▶ _WHAT YOU SHOULD DO_
Your answer must be an exact retyping of the line containing "Detalii si descriere" and every line after it through the end of the records below, with no pictures and nothing else.

▶ _Saved data entries_
● ● ●

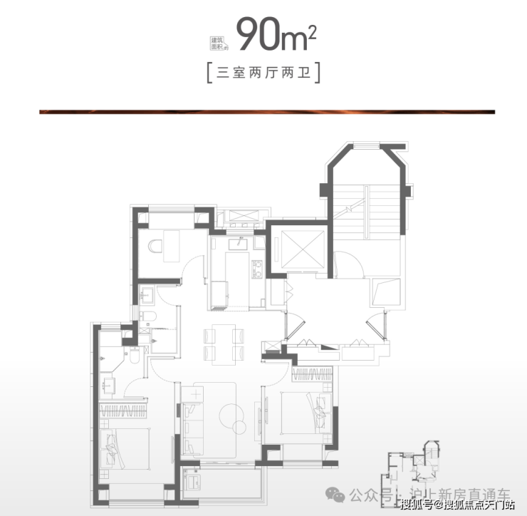 在售户型图如下:建面约90㎡的三房两厅两卫
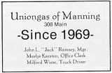 John served 18 years on the Town Council. He was on the first school board, serving several terms, and was school director of the township for two years. He was a charter member of the first Manning Fire Dept., and was active in many other community projects. He also played cornet in the Manning bands and orchestras.
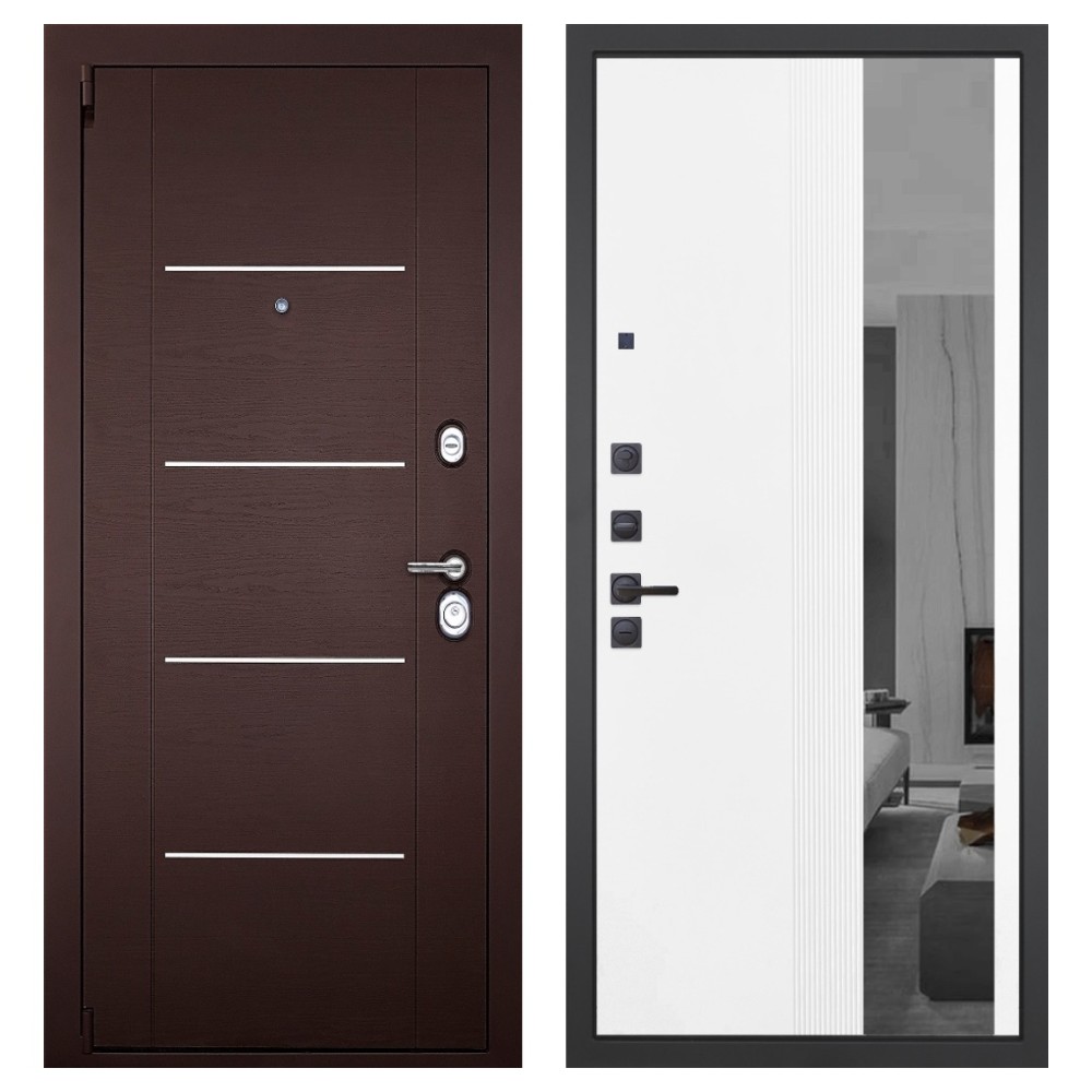 Прочность и защита: Полотно толщиной 100–120 мм из двух стальных листов, усиленные петли БАРК и пять противосъёмных штырей гарантируют надёжность конструкции.
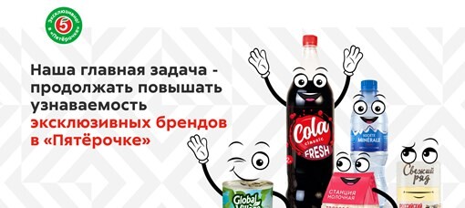 «Наша главная задача — продолжать повышать узнаваемость эксклюзивных брендов„Пятерочки“. В конечную цену известного товара заложены издержки на логистику,посредников, маркетинг — широкую медийную рекламу, в том числе на ТВ, и т. п.Мы же пошли по другому пути, решив показать преимущества эксклюзивных марок,которые пока мало известны, но подойдут осознанным покупателям — тем, ктопривык покупать рационально, выбирать качество и не переплачивать заизвестность бренда».
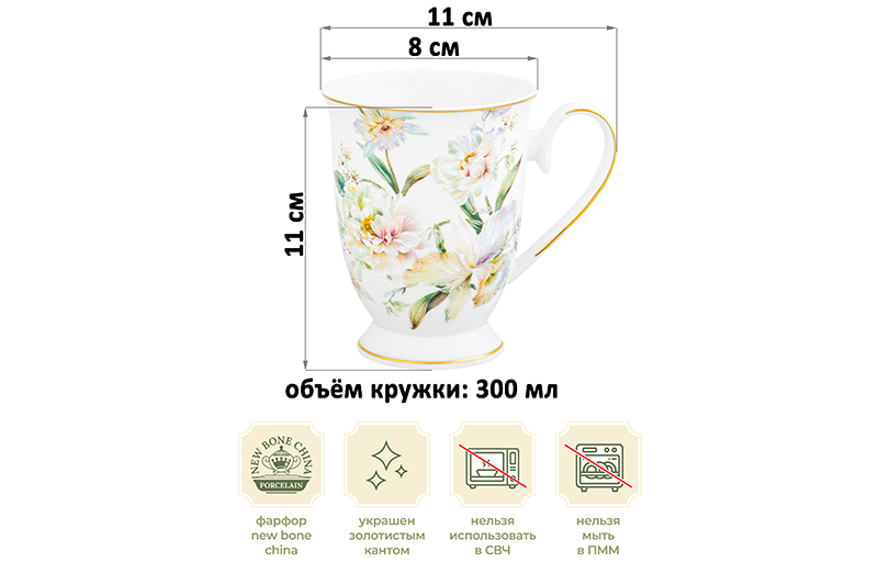 Кружка на изящной ножке из серии "Корнелия" от Elan Gallery предназначена для эстетичной сервировки вашего стола. Размер – 12х8,5х10,5 см, объём – 300 мл. Изготовлена из фарфора нового поколения new bone china, сочетающего в себе изящность и высокую прочность. За счёт гладкости изделие легко отмывается, поэтому сохраняет привлекательный внешний вид и практично в использовании. Плотная структура материала позволяет чашкам дольше сохранять температуру напитков. От костяного фарфора new bone china отличается большей экологичностью в производстве. Поверхность изделия овивают обворожительные белые пионы. Они выполнены в манере, вдохновлённой акварельным рисунком. Тонкая золотистая окантовка служит деликатным акцентом и подчёркивает изысканность. Декоративная кружечка поможет провести множество приятных завтраков с капучино и латте, а также уютные чайные вечера с конфетами, вафлями, другими десертами и сладостями. Подойдёт ценителям чая и кофе, которые любят пить из красивой и необычной посуды. Согрейтесь зимой любимым напитком: какао с маршмеллоу, ягодным чаем или горячим шоколадом. Летом освежитесь домашним лимонадом или морсом. Не рекомендуется применять абразивные моющие средства. Бокал нельзя использовать в посудомоечной машине и микроволновой печи. Поставляется в дизайнерской картонной коробке – благодаря ей вам не потребуется дополнительная подарочная упаковка. Фарфоровая сервировочная посуда станет чудесным подарком на любой праздник и добавит эстетики ежедневному чаепитию. Серия "Корнелия" от бренда Элан Галерея добавит вашему кухонному инвентарю лёгкости и элегантности, преобразив любую сервировку!
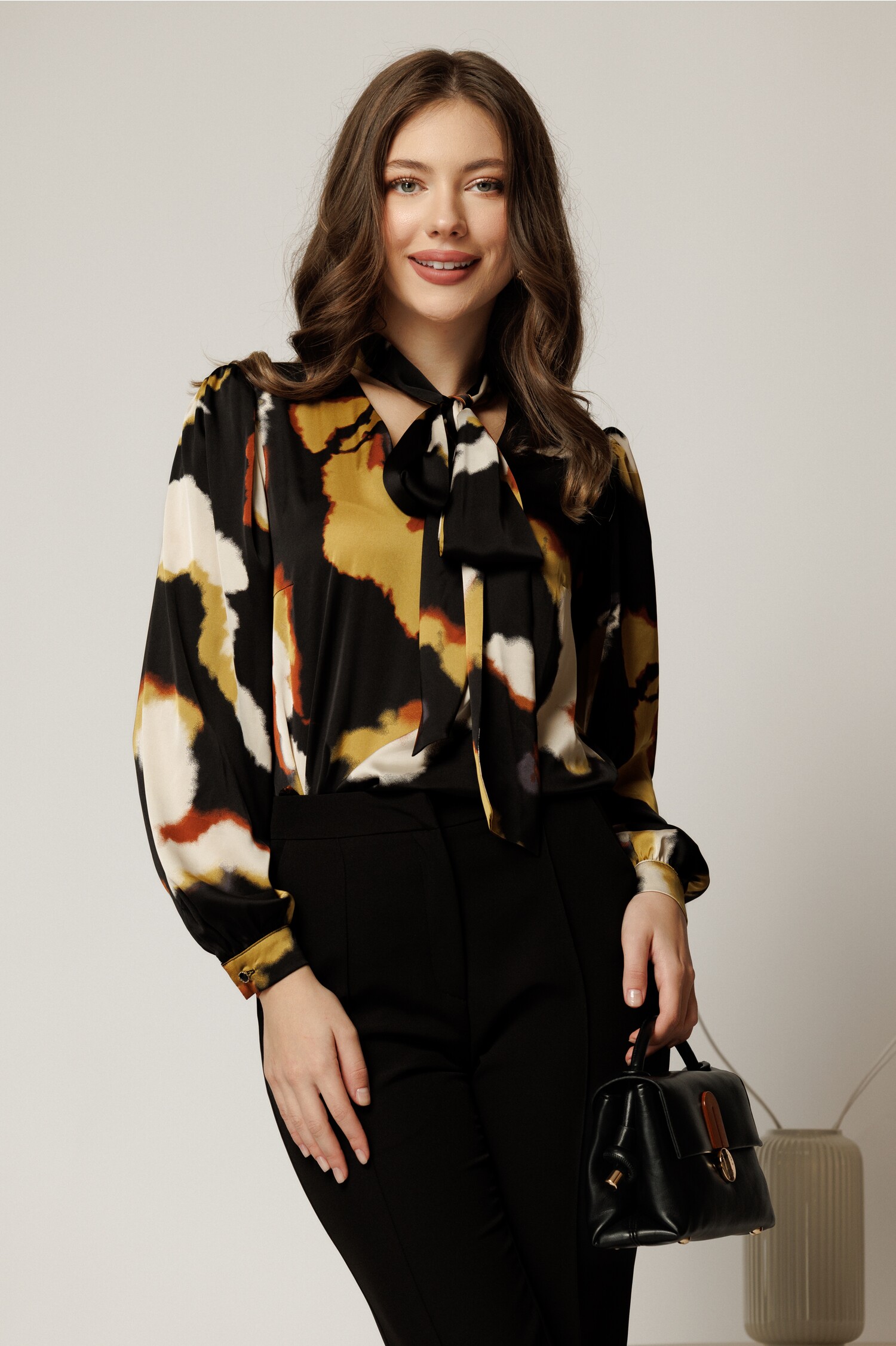 Detalii si descriere Bluza dama din satin in nuante de negru si maro cu funda la guler:
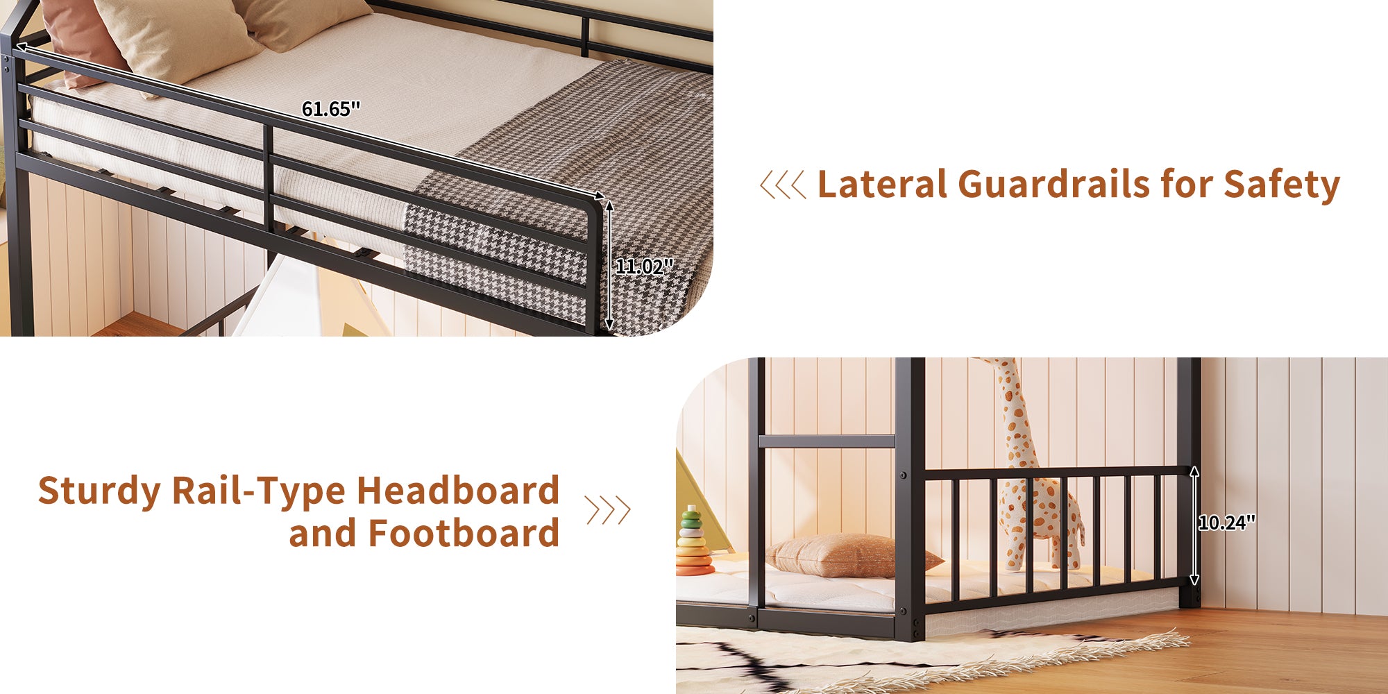 Ein verstärkter Metallrahmen gewährleistet starke Stabilität und sicheren Halt, und hohe Schutzgitter sorgen für sicheren Schlaf im oberen Bett.
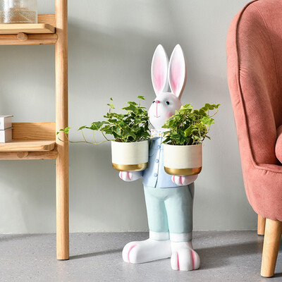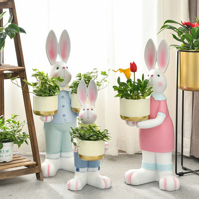 精选优质树脂材质,通过手工彩绘,色泽饱满不易褪色。可爱兔子手中设有花盆点缀,可以种小绿植,减少沉闷陶冶心情。
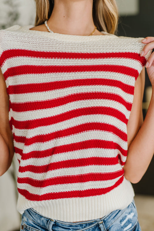 PREORDER: Textured Knit Tank in Red and White Stripe
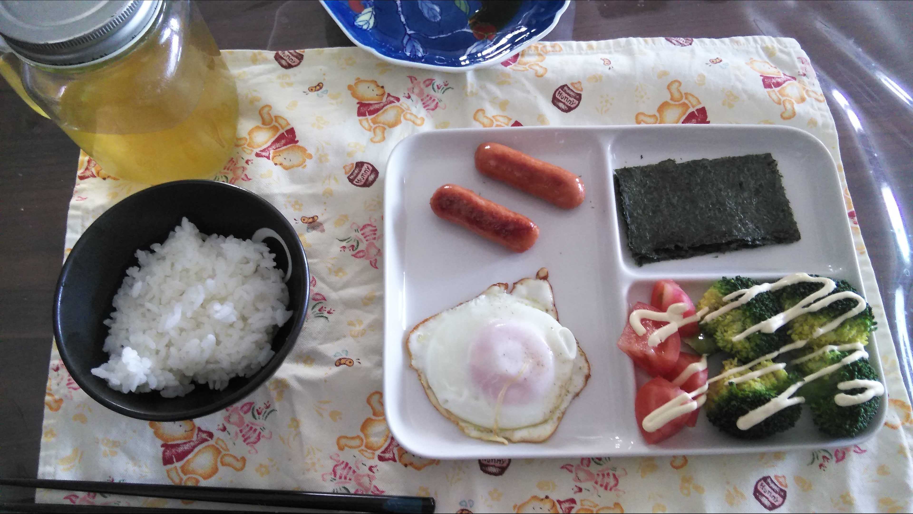 朝食→トマト、サラダ、ウィンナー2本、目玉焼き、焼きのり、ご飯、お茶朝食後→カフェオレ昼食→サラダ、イチゴジャムヨーグルト、チーズハムトースト、豆乳ココア夕食→トマト、ブロッコリーサラダ、豆苗の卵とじ、塩サバ、キャベツの味噌汁、ご飯、お茶夕食後→コーヒー

● ● ●

▶ _ANSWER SECTION_
 Detalii si descriere Bluza dama din satin in nuante de negru si maro cu funda la guler:
 Ein verstärkter Metallrahmen gewährleistet starke Stabilität und sicheren Halt, und hohe Schutzgitter sorgen für sicheren Schlaf im oberen Bett.
 精选优质树脂材质,通过手工彩绘,色泽饱满不易褪色。可爱兔子手中设有花盆点缀,可以种小绿植,减少沉闷陶冶心情。
 PREORDER: Textured Knit Tank in Red and White Stripe
 朝食→トマト、サラダ、ウィンナー2本、目玉焼き、焼きのり、ご飯、お茶朝食後→カフェオレ昼食→サラダ、イチゴジャムヨーグルト、チーズハムトースト、豆乳ココア夕食→トマト、ブロッコリーサラダ、豆苗の卵とじ、塩サバ、キャベツの味噌汁、ご飯、お茶夕食後→コーヒー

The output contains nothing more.